* _Source material_:

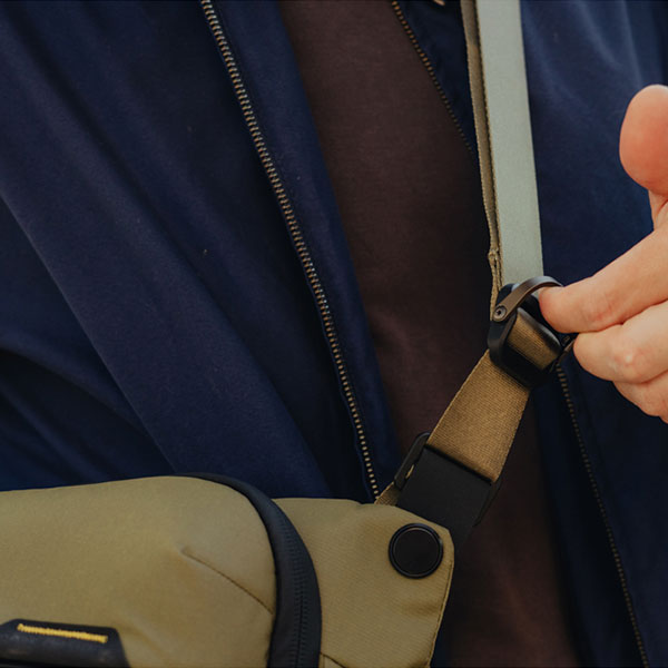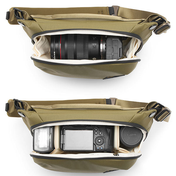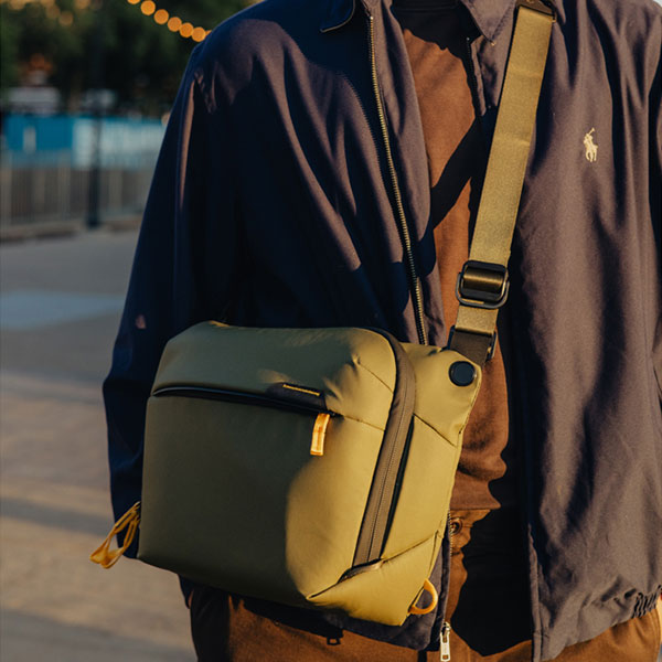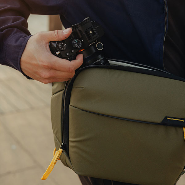 ミラーレスカメラやコンパクトカメラはもちろん、小型一眼レフを1台持ち運べるタウンユースに最適なエブリデイスリング6L。カメラに加えてタブレットや小物を収納できるので、使用の幅が広がります。ウエストバッグとしても使用でき、充実した機能を持つ小型カメラバッグです。また、バッグの表面には、100パーセントリサイクル素材の400Dナイロンキャンバスを採用しています。
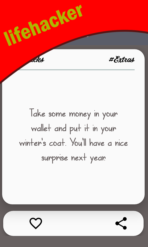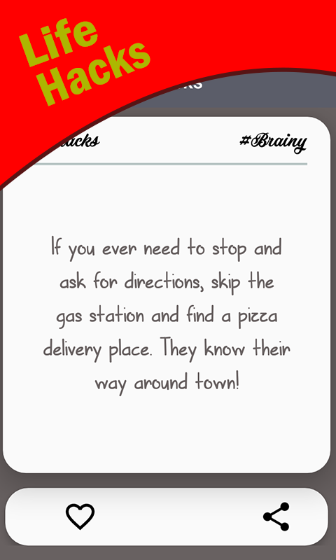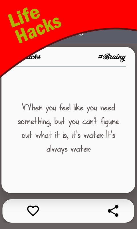 1000 ultimate life hack app or food hacks brings you the most advanced ideas to discover and share that you never know. Do you want to make your life interesting and want to get rid of frustration in everyday life there are 1000 Life hacks, tips and tricks to optimize your life. If you want to learn some quick and easy hacking that is easy to do, money saver, low cost and save your time? Then you are very lucky to have this daily life hacker app .This top android hacks will help you make your life easy and interesting. The easy life hacks in one small app will bring a smile to your face and reduce the frustration and make your boring jobs interesting and full of fun. It contains tips & tricks life advice and lifehacker that is very easy to do and is very helpful. The money saver, as well as the time saver, can be saved by giving a new look to the used things to impress your friends and family. Free stuff, cool apps, lifehacker, DIY projects, easy life hacks, food hacks, phone hacking and many other tips just in one small app that is free to download and easy to use in offline mode too. We will help you to become a life hacker for hacking things by providing you with some of the best daily life hacker that will help you to make your life easy and interesting. Food hacks, party hacks, kitchen life advice, life hacker, daily lifehack, phone hacking, health and fitness and many other easy life hacks tips for the comfort of you people in the just single app. The top android hacks contain life tips and tricks that are easy to share with friends and save them to favorites. It refers to anything, trick, skill or a shortcut method to increase the productivity and efficiency in all ways. You will find a lot of ways to make your life creative by life hack app. Your life will become easier and fascinating than ever as we are intelligently finding tips and daily life hacks that we think you will definitely like them or need them in your daily life. Lifehack is very easy to navigate and the ideas can easily be shared with your friends. We are living in the world with a large number of hidden easy lifehacks - lifehacker facilities which we do not even think of. If we start noticing and we learn to distinguish them and use them in a creative way, our life will become more effective. FEATURES: ** 1000+ lifehacks even available offline. ** Tips & Tricks to make things easy and useful without wasting money. ** Share lifehack to friends and family easily. ** Mark as a favorite and can be accessed easily in offline mode. ** Various categories of easy lifehacks such as food hacks, kitchen life advice, technology, life tips, household hack, phone hacking and health and tips etc. ** Super simple to use the life hack app and is money saver. ** Light in size and free hacks app. ** Life tips & tricks are constantly updated. ** Top android hacks and very easy to use designs. ** Life hack app for kids. Lifehacks is essentially creative ideas to solve small problems by giving the simple, creative and less expensive ways. It provides the best life advice tips & tricks for the users to save their money as well as time. The easy lifehacker app for kids, girls, parents, and all other people for all situations to make your life easier. Daily lifehacks is a series of workshops and events that are designed to guide people to work in a creative way. The best money saver app to save your money and time. Download the app for free to enjoy the easy tips and tricks for utilizing the things in different ways.
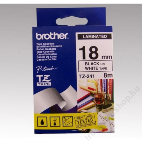 Feliratozógép szalag, 18 mm x 8 m, BROTHER, TZe-241 fehér-fekete (QPTTZ241) kopásálló vegyszerálló könnyen lehúzható nem fakul laminált hőálló vízálló erősen tapadó Gyártó/első EU forgalmazó elérhetősége: Brother International (Nederland) B.V. Zander

* _Task description_: Your copy must repeat the data word for word and show none of its images.

* _Expected answer_:
 ミラーレスカメラやコンパクトカメラはもちろん、小型一眼レフを1台持ち運べるタウンユースに最適なエブリデイスリング6L。カメラに加えてタブレットや小物を収納できるので、使用の幅が広がります。ウエストバッグとしても使用でき、充実した機能を持つ小型カメラバッグです。また、バッグの表面には、100パーセントリサイクル素材の400Dナイロンキャンバスを採用しています。
 1000 ultimate life hack app or food hacks brings you the most advanced ideas to discover and share that you never know. Do you want to make your life interesting and want to get rid of frustration in everyday life there are 1000 Life hacks, tips and tricks to optimize your life. If you want to learn some quick and easy hacking that is easy to do, money saver, low cost and save your time? Then you are very lucky to have this daily life hacker app .This top android hacks will help you make your life easy and interesting. The easy life hacks in one small app will bring a smile to your face and reduce the frustration and make your boring jobs interesting and full of fun. It contains tips & tricks life advice and lifehacker that is very easy to do and is very helpful. The money saver, as well as the time saver, can be saved by giving a new look to the used things to impress your friends and family. Free stuff, cool apps, lifehacker, DIY projects, easy life hacks, food hacks, phone hacking and many other tips just in one small app that is free to download and easy to use in offline mode too. We will help you to become a life hacker for hacking things by providing you with some of the best daily life hacker that will help you to make your life easy and interesting. Food hacks, party hacks, kitchen life advice, life hacker, daily lifehack, phone hacking, health and fitness and many other easy life hacks tips for the comfort of you people in the just single app. The top android hacks contain life tips and tricks that are easy to share with friends and save them to favorites. It refers to anything, trick, skill or a shortcut method to increase the productivity and efficiency in all ways. You will find a lot of ways to make your life creative by life hack app. Your life will become easier and fascinating than ever as we are intelligently finding tips and daily life hacks that we think you will definitely like them or need them in your daily life. Lifehack is very easy to navigate and the ideas can easily be shared with your friends. We are living in the world with a large number of hidden easy lifehacks - lifehacker facilities which we do not even think of. If we start noticing and we learn to distinguish them and use them in a creative way, our life will become more effective. FEATURES: ** 1000+ lifehacks even available offline. ** Tips & Tricks to make things easy and useful without wasting money. ** Share lifehack to friends and family easily. ** Mark as a favorite and can be accessed easily in offline mode. ** Various categories of easy lifehacks such as food hacks, kitchen life advice, technology, life tips, household hack, phone hacking and health and tips etc. ** Super simple to use the life hack app and is money saver. ** Light in size and free hacks app. ** Life tips & tricks are constantly updated. ** Top android hacks and very easy to use designs. ** Life hack app for kids. Lifehacks is essentially creative ideas to solve small problems by giving the simple, creative and less expensive ways. It provides the best life advice tips & tricks for the users to save their money as well as time. The easy lifehacker app for kids, girls, parents, and all other people for all situations to make your life easier. Daily lifehacks is a series of workshops and events that are designed to guide people to work in a creative way. The best money saver app to save your money and time. Download the app for free to enjoy the easy tips and tricks for utilizing the things in different ways.
 Feliratozógép szalag, 18 mm x 8 m, BROTHER, TZe-241 fehér-fekete (QPTTZ241) kopásálló vegyszerálló könnyen lehúzható nem fakul laminált hőálló vízálló erősen tapadó Gyártó/első EU forgalmazó elérhetősége: Brother International (Nederland) B.V. Zander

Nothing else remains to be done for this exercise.